Predictor Selection and Clinical Applicability
In clinical practice, predictor selection is crucial for the performance and interpretation of models. Our study summarized the predictors with high frequencies. Age was the most frequently reported predictor, suggesting that advanced age is a high-risk factor for VTE. Prominent laboratory predictors, including D-dimer, prothrombin time, fibrinogen, and activated partial thromboplastin time levels, are critical for evaluating coagulation abnormalities. Interestingly, nonlaboratory predictors, such as chemotherapy, reduced mobility, and active cancer, have also been reported, reflecting the multifactorial nature of VTE risk. These findings align with the existing literature that integrates laboratory and clinical data for comprehensive VTE risk stratification.
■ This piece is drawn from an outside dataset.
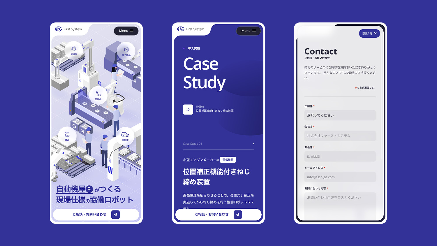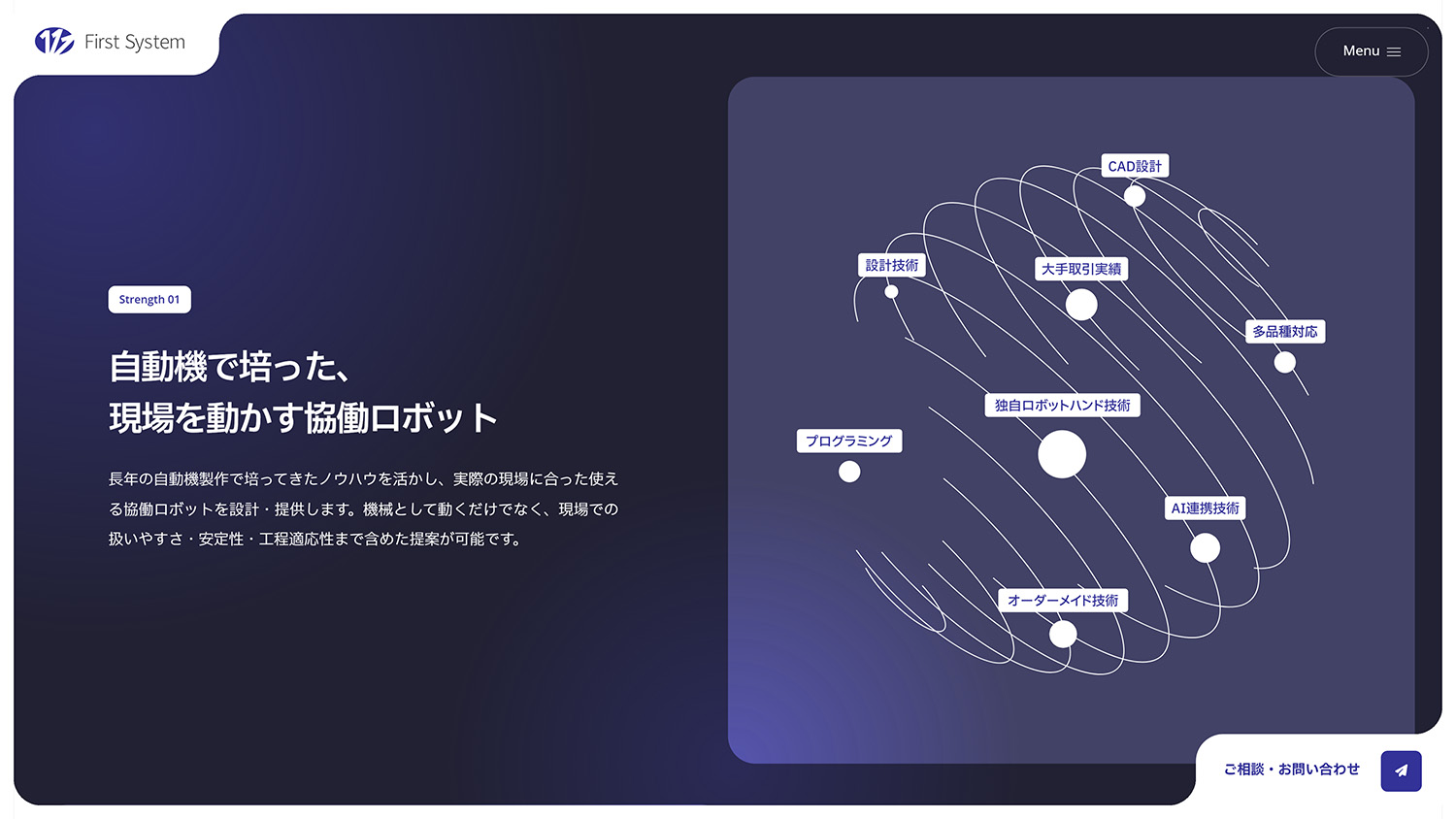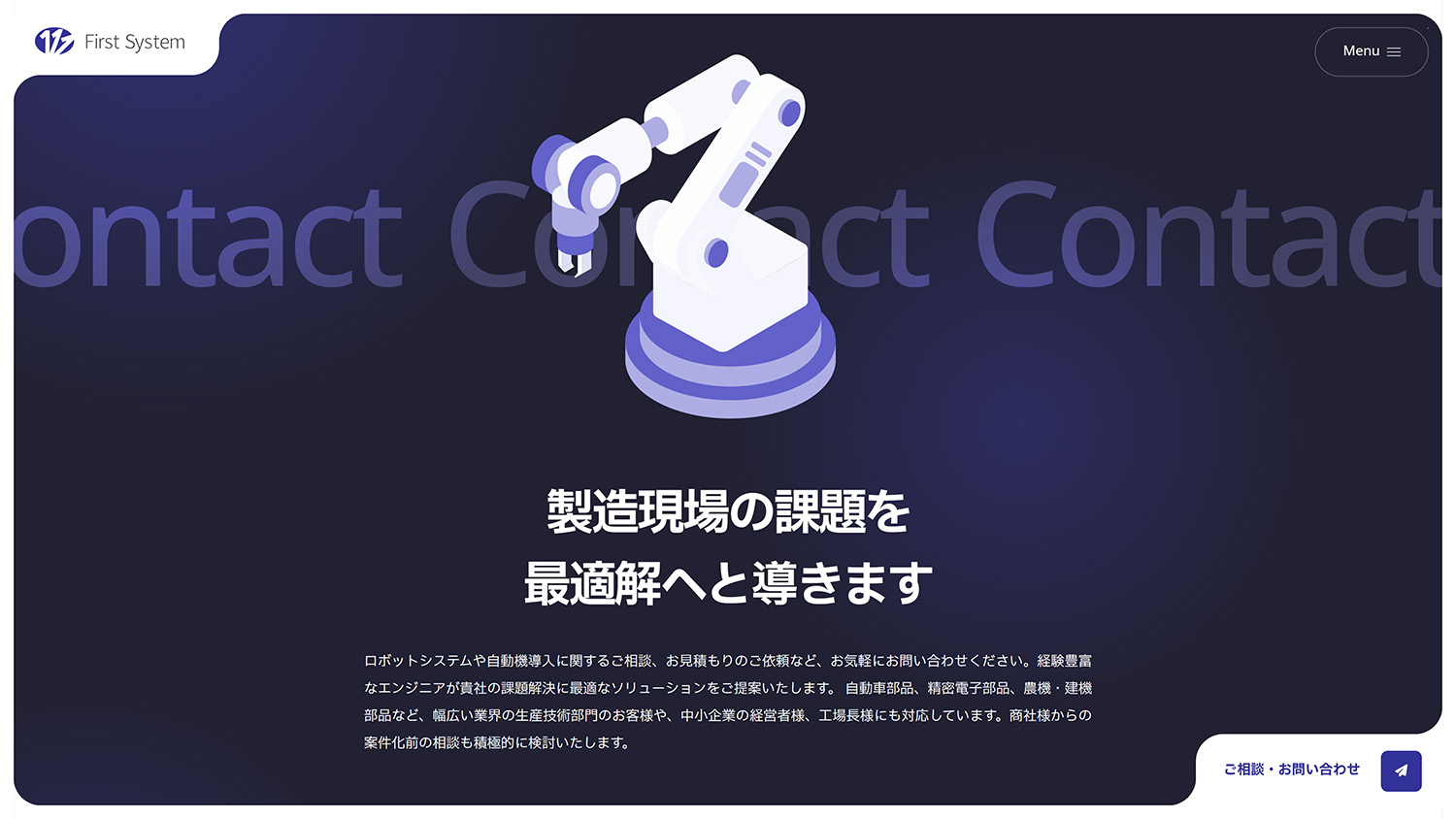 製造工程の自動化設備を手がける企業による、協働ロボットの導入提案を目的としたランディングページです。

The diversity of these factors reflects the complexity of VTE diagnosis, necessitating a comprehensive evaluation tailored to the individual patient profile.
The reporting of high-risk factors was inconsistent across the included studies, which appears to be primarily attributable to the geographic and ethnic differences in study populations, which may further influence risk factor profiles, as genetic predispositions and environmental exposures vary across regions. Furthermore, the heterogeneous definitions of reduced mobility across studies may lead to inconsistent identification of its association with VTE risk, potentially obscuring its true clinical significance as a predictor. Notably, less frequently cited predictors (thrombophilia, heart or respiratory failure, and inflammatory markers) appeared in single studies, suggesting that their associations may be population specific or may require further validation in larger studies with more robust datasets. Future studies should prioritize the standardized reporting of risk factors and validate their predictive utility across diverse populations to refine prediction models.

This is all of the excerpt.